Data under study |

━━━━━━━━━━━━━━━━

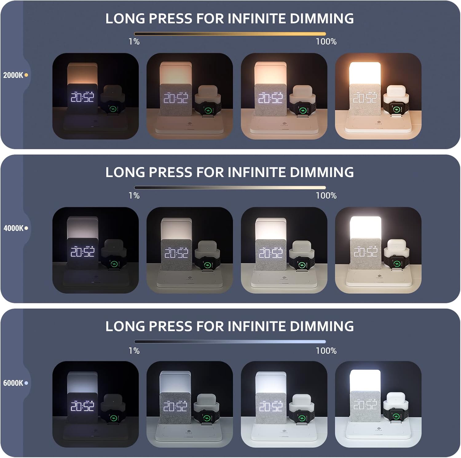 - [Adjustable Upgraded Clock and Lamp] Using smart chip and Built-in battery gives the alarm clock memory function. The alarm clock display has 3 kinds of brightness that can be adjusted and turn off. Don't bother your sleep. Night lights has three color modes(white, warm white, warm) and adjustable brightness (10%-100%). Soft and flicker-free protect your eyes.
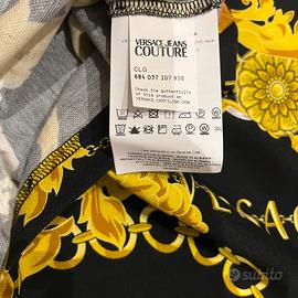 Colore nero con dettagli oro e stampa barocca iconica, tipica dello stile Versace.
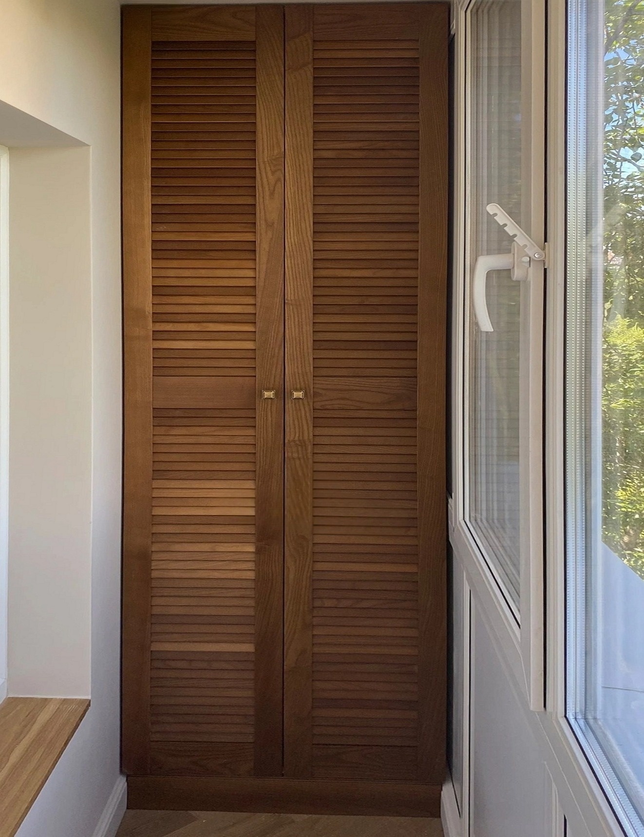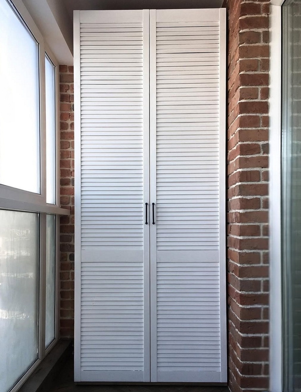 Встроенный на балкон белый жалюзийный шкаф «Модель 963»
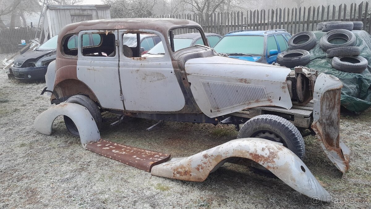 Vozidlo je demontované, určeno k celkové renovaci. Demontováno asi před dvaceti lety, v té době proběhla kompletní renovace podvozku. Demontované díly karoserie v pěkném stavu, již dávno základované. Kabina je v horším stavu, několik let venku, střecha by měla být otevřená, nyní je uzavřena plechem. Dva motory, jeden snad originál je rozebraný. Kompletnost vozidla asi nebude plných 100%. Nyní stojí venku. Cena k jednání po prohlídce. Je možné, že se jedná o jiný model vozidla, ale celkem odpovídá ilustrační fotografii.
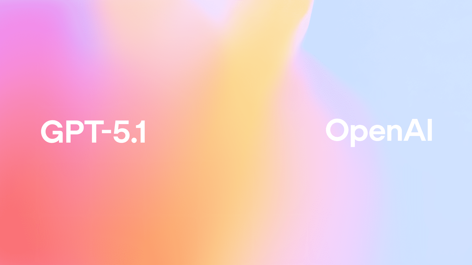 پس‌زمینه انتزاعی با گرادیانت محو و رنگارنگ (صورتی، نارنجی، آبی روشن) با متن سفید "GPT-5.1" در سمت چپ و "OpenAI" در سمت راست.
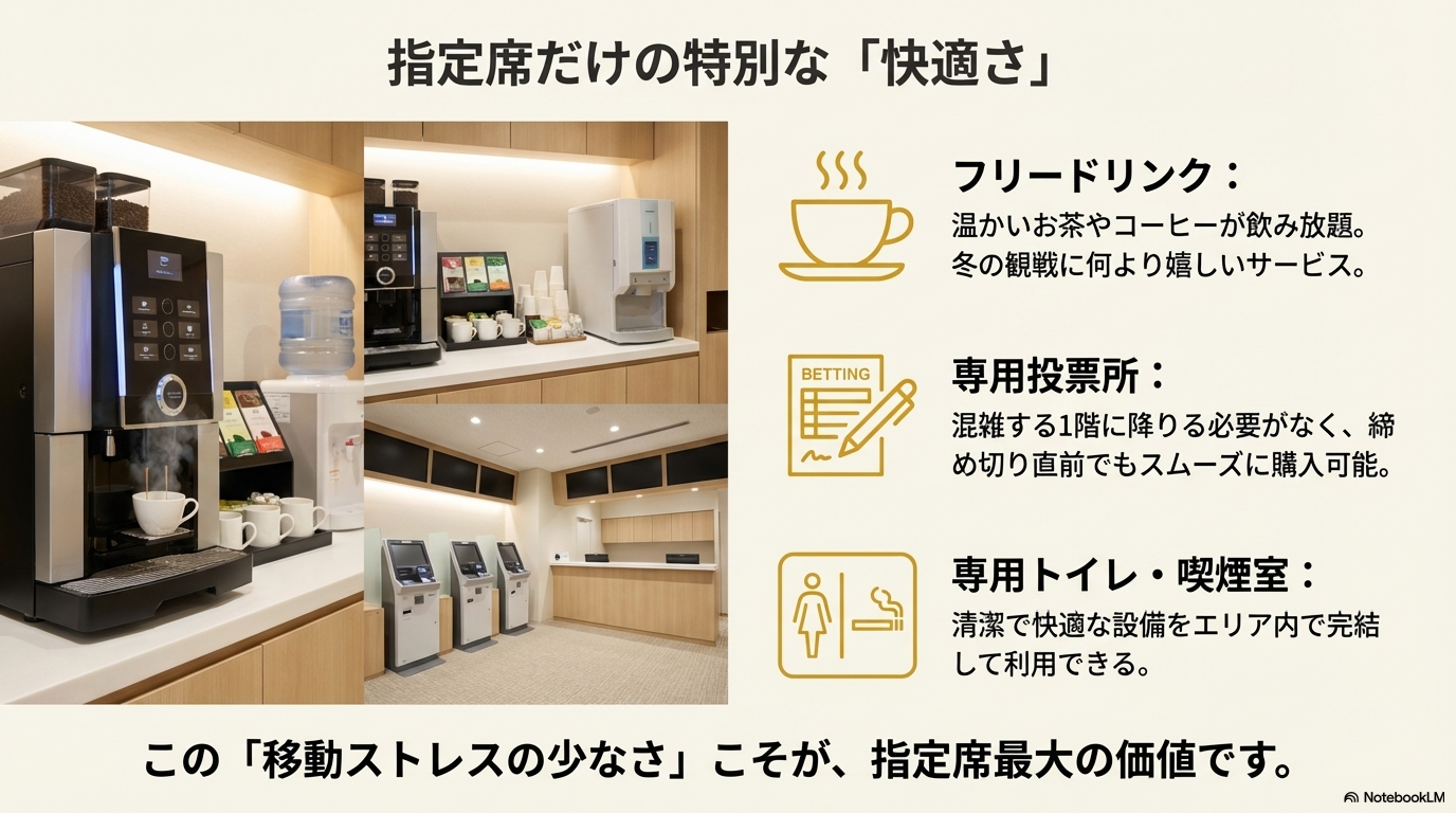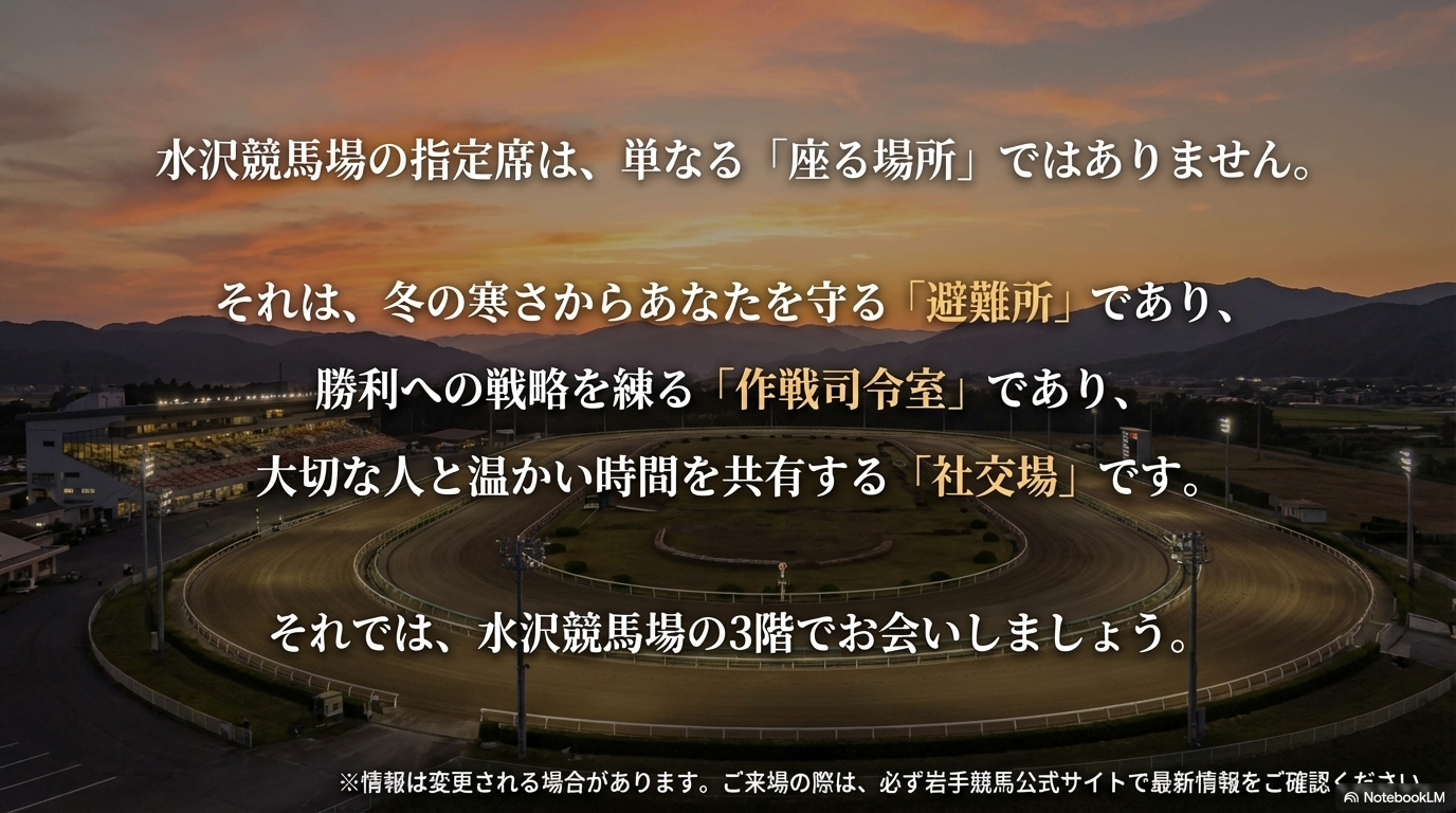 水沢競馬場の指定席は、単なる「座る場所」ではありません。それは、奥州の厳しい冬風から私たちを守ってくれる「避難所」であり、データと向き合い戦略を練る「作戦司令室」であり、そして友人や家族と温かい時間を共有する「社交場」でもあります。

━━━━━━━━━━━━━━━━

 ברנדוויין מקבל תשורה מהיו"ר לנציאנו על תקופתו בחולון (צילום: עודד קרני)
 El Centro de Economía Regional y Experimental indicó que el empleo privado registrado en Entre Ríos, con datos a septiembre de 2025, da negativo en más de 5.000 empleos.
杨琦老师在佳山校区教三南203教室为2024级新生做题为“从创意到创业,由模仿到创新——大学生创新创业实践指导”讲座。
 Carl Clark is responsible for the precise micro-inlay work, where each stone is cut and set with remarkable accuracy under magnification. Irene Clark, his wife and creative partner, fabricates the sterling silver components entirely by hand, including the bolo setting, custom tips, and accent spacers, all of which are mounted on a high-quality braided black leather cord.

━━━━━━━━━━━━━━━━

Exercise prompt | Would you give again, exactly, the lines in the data above that run from the line containing "Встроенный на балкон" to the line containing "水沢競馬場の指定席は、単なる"? Include both ends and no pictures.

Answer to this task |
 Встроенный на балкон белый жалюзийный шкаф «Модель 963»
 Vozidlo je demontované, určeno k celkové renovaci. Demontováno asi před dvaceti lety, v té době proběhla kompletní renovace podvozku. Demontované díly karoserie v pěkném stavu, již dávno základované. Kabina je v horším stavu, několik let venku, střecha by měla být otevřená, nyní je uzavřena plechem. Dva motory, jeden snad originál je rozebraný. Kompletnost vozidla asi nebude plných 100%. Nyní stojí venku. Cena k jednání po prohlídce. Je možné, že se jedná o jiný model vozidla, ale celkem odpovídá ilustrační fotografii.
 پس‌زمینه انتزاعی با گرادیانت محو و رنگارنگ (صورتی، نارنجی، آبی روشن) با متن سفید "GPT-5.1" در سمت چپ و "OpenAI" در سمت راست.
 水沢競馬場の指定席は、単なる「座る場所」ではありません。それは、奥州の厳しい冬風から私たちを守ってくれる「避難所」であり、データと向き合い戦略を練る「作戦司令室」であり、そして友人や家族と温かい時間を共有する「社交場」でもあります。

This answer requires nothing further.